По ряду причин многие белки связывают ДСН в аномально низком соотношении [164]. Причиной может быть необычный состав, присутствие углеводов; к этой группе относятся белки с высоким положительным или отрицательным зарядом. Электрофоретическая подвижность комплексов может меняться в зависимости от замен отдельных аминокислот, конформационных изменений в белках [40, 46, 126]. Подобное аномальное поведение можно обнаружить и свести к минимуму путем проведения электрофореза в гелях различной пористости и построения по результатам эксперимента графика Фергюсона (см. далее). Иными словами, для достоверной оценки кажущейся молекулярной массы в ступенчатой или непрерывной системе необходимо проводить измерение по крайней мере в четырех различных гелях.

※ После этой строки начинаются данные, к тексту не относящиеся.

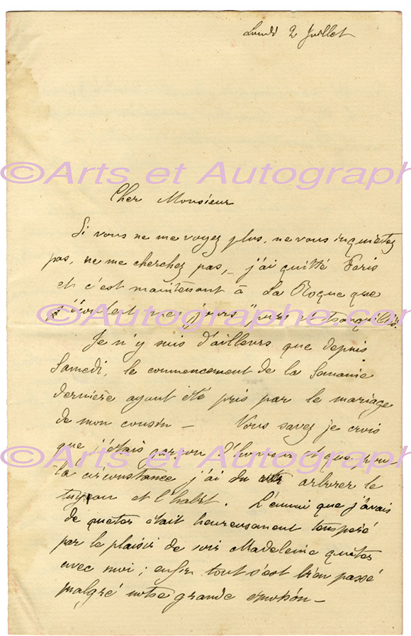 Lettre autographe signéeLettre autographe signée, adressée à Élie Allegret. [La Roque,] « Lundi 2 juillet » ; 2 pages 1/2 in-8°. Il a quitté Paris, après le mariage de son cousin et s’est installé à La Roque. « Vous savez, je crois, que j’était...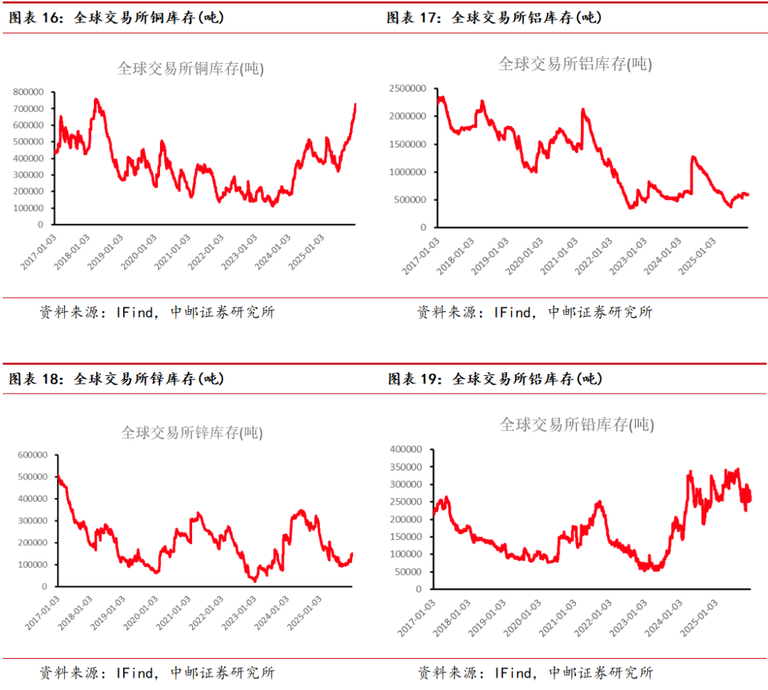 基本金属方面:本周全球显性库存铜累库28066吨、铝去库6204吨、锌去库1793吨、铅去库7453吨、锡去库70吨、镍累库5091吨。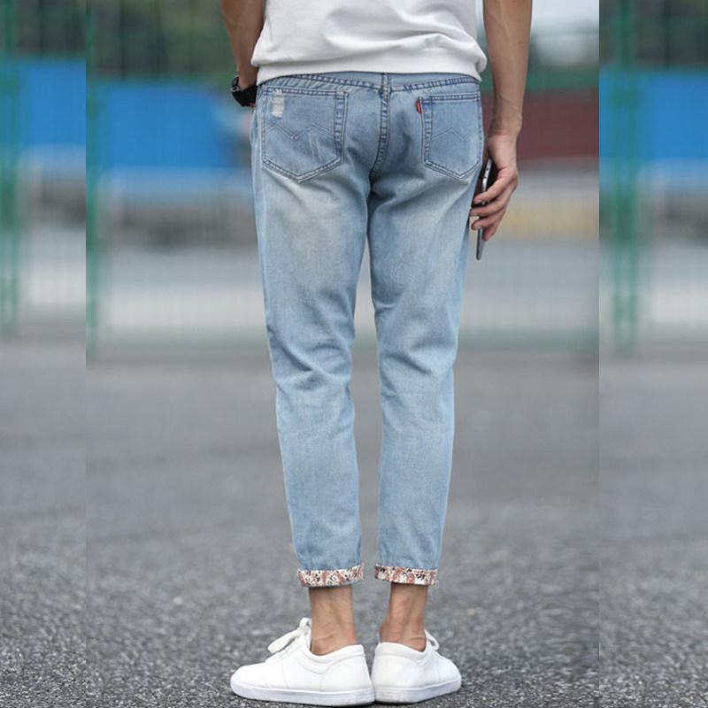 9分牛仔裤男青少年男裤破洞学生潮流九分裤子设计感小众8分裤复古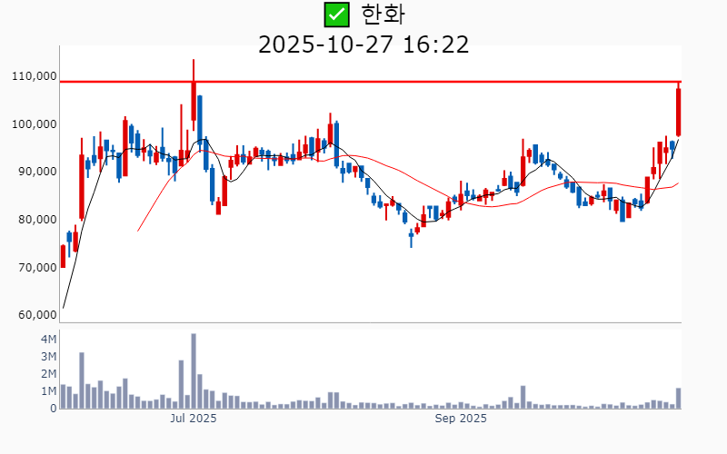 (+13.1%/ 1,250억) 한화(역사적)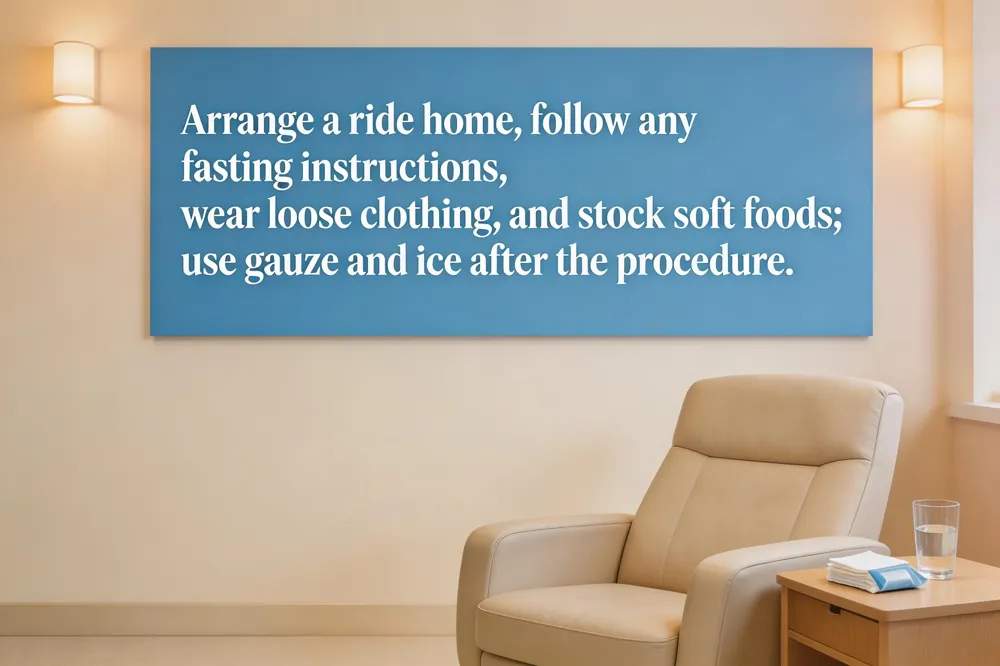 Before you arrive for a tooth extraction, arrange a ride home especially if sedation or nitrous oxide is planned, because the numbing agents can impair coordination. Follow any fasting instructions your dentist gave—usually no solid food for 6‑8 hours if general anesthesia is used, but clear liquids are allowed up to the hour before the appointment. Dress in loose, comfortable clothing and avoid jewelry or makeup that could interfere with monitoring equipment. Stock your kitchen with soft‑food staples such as yogurt, applesauce, mashed potatoes, scrambled eggs, and smoothies so you can eat without stressing the socket.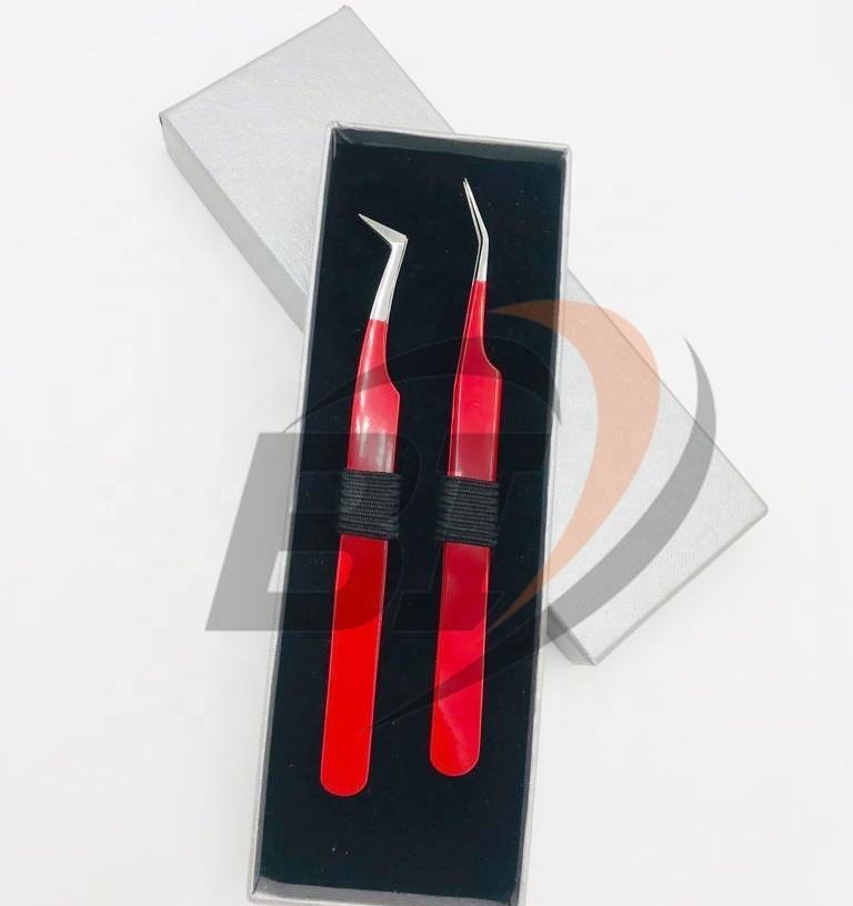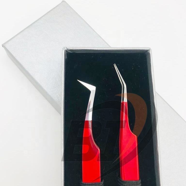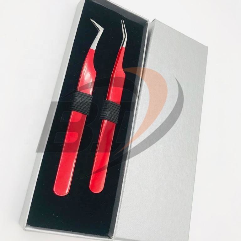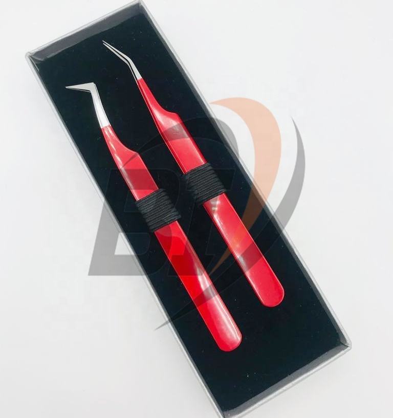Pince à épiler d'isolation de Volume russe professionnelle pince à épiler d'extension de cils en acier inoxydable pince à épiler enduite de couleur rouge pointue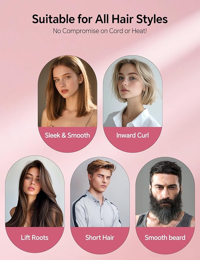 - 💖【3 Smart Heat Settings for Every Hair Type】 Fine, thin, or thick hair? No problem. This heated straightener brush offers 3 temperature options (160°C/320°F, 190°C/375°F, 220°C/430°F) so you can customize heat for your hair’s needs. Great for short bobs, long layers, or sensitive scalps.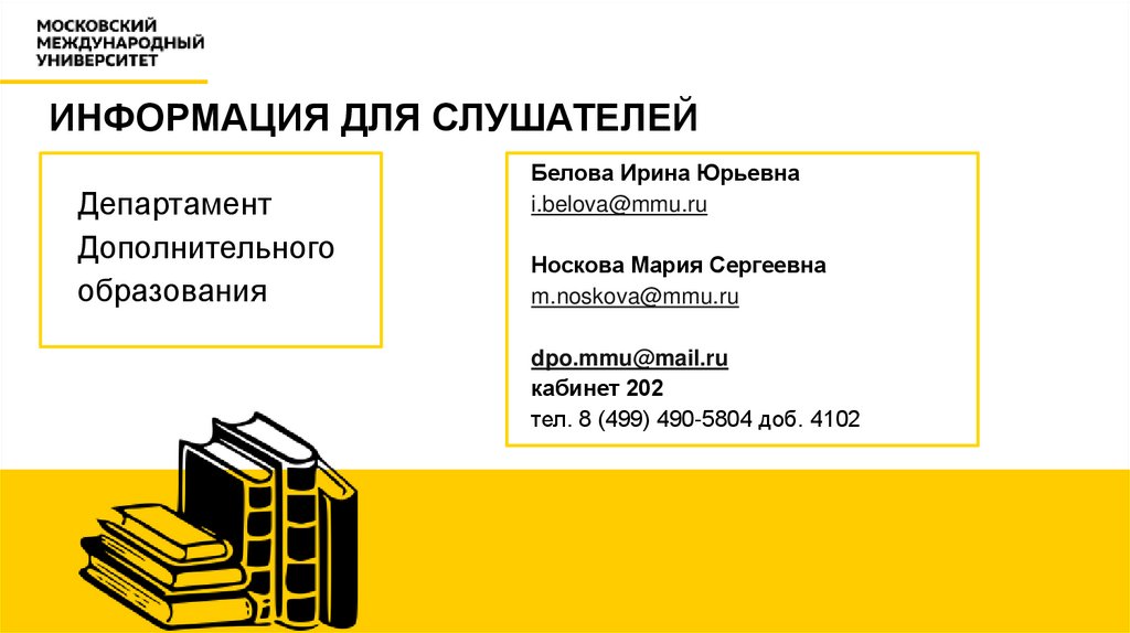 ИНФОРМАЦИЯ ДЛЯ СЛУШАТЕЛЕЙДепартамент

При электрофорезе в градиентном геле полипептиды мигрируют до достижения зоны с определенной пористостью, препятствующей их дальнейшему продвижению. Если все комплексы полипептидов с ДСН имеют одинаковую форму, концентрацию ПААГ в этой зоне можно принять характеристической для данной молекулярной массы [97, 99, 101, 137]. Комплекс может частично разрушиться с потерей ДСН, в особенности в области, близкой к равновесному состоянию, однако это не влияет на конечный результат. Объем образца не влияет на ширину белковых зон, тем не менее наносить образец в большом объеме не рекомендуется. При электрофорезе в градиентном ПААГ формирование градиента с высокой воспроизводимостью может быть затруднительным. Однако для этих целей выпускаются преформированные гели высокого качества.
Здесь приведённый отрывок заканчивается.